The Granston Memo, which we only know about because somebody leaked it to the press in January 2018, calls on federal prosecutors to use Sec. 3710(c)(2)(A) power aggressively and lists the kinds of cases that prosecutors should try to get dismissed.

The 7 Cases the Granston Memo Targets for Dismissal

  1. Meritless claims asserting an “inherently defective” legal theory or “frivolous factual allegations;”
  2. Parasitic or opportunistic claims that duplicate pre-existing government investigations and add no useful information to the investigation;
  3. Cases that pose threats to government policies or programs;
  4. Actions interfering with other FCA cases;
  5. Cases threatening harm to national security, e.g., actions that may compromise classified information or involve intelligence agency operations;
  6. Cases where costs will exceed gain, including “opportunity costs” of not utilizing resources for higher priority cases with a better chance of recovery; and
  7. Claims that may frustrate an investigation.

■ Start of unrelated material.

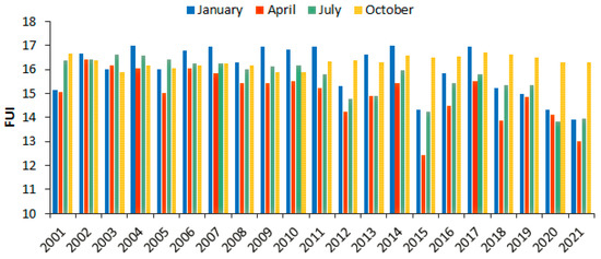 It is also important to investigate the interannual variability of FUI during a specific month to isolate interannual variability from seasonal variability. For example, during the winter month (January), the FUI time series shows that it increased from January 2001 (Figure 6a) to January 2005 (Figure 6b) and remained unchanged the following years (see 2009, 2013, and 2017 in Figure 6c–e) until it started diminishing in January 2021 (Figure 6f) reaching a value of 12 at the northern and central part of the lake. In the spring month (April), the FUI over the lake decreased except for spikes in 2017 (Figure 6g–l). The consistent decrease in FUI in both annual and spring FUI time series reveals that there are changes in the water quality drivers. Accordingly, further appraisal of the effect of changes in environmental drivers is necessary to understand the observed dynamics in the lake water quality during other seasons. The variability of FUI during the summer month of July showed a similar pattern of changes as in spring with a spike in 2017 and consistent improvement from year to year (Figure 6a–f). However, the changes in FUI during the autumn month of October do not show significant improvement except in 2021 over the northern and central part of the lake (Figure 6g–l). This pattern is somewhat similar to that of the winter month of January (Figure 6a–f). The lack of consistency between the seasons in terms of FUI variability might be linked to the difference in the scale of variability of meteorological and hydrological drivers during the different seasons. The lake-wide mean FUI during the peak months of summer, winter, spring, and autumn is in agreement with the observed FUI at the pixel level (Figure 6 and Figure 7) as noted from a consistent improvement in lake water quality from 2001 to 2021 for the months of April and July with a spike around 2017 and an insignificant trend during the months of January and October (Figure 8).

The Granston Memo also instructs prosecutors to notify whistleblowers when they’re thinking about pursuing a Sec. 3710(c)(2)(A) dismissal. Reasoning: Whistleblowers will be more likely to drop the case once they realize that the DOJ not only isn’t going to intervene on their behalf but may actually try to get the case thrown out of court.

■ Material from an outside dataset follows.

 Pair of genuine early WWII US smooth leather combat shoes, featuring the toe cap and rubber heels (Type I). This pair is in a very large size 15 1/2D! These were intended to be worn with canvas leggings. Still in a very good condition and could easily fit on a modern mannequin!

Impact of the Granston Memo
While the DOJ generates more than its fair share of internal memos, the early returns suggest that the Granston Memo is actually shaping policy. We do know that FCA whistleblower recoveries in the health care segment declined in 2018, from $2.151 billion to $1.945 billion. But year-to-year recoveries were also down from 2016-17, a year before the Granston Memo came into existence.

A much more reliable indicator of the Memo’s influence is that prosecutors are now actually bringing Sec. 3710(c)(2)(A) dismissal claims against whistleblowers, most notably on Dec. 17, 2018, when the DOJ moved to dismiss 11 qui tam actions in seven judicial districts. The cases were brought by the National Healthcare Analysis Group (NHCA), a company that specializes in generating FCA cases, and essentially asserted the same complaints with different defendants, at least in the DOJ’s opinion. In its dismissal claims, the DOJ accuses the NHCA of dishonesty contending that transcripts from the “witness interviews reveals the false pretenses NHCA uses to obtain information.”

Takeaway
Regardless of the ultimate outcome, the DOJ’s move to get the NHCA cases tossed out of court is 100% consistent with the principles outlined in the Granston Memo.  It remains to be seen whether the DOJ will pursue these actions more frequently. But if it does, health care will reap the greatest benefit considering that such a disproportionate number of whistleblower FCA claims target the industry.

A DOJ operating on Granston Memo principles would also strengthen the hand of attorneys defending your lab in a qui tam suit by offering a new strategic option: Making the case to the prosecutor that the case should be dismissed under one or more of the seven Granston Memo factors.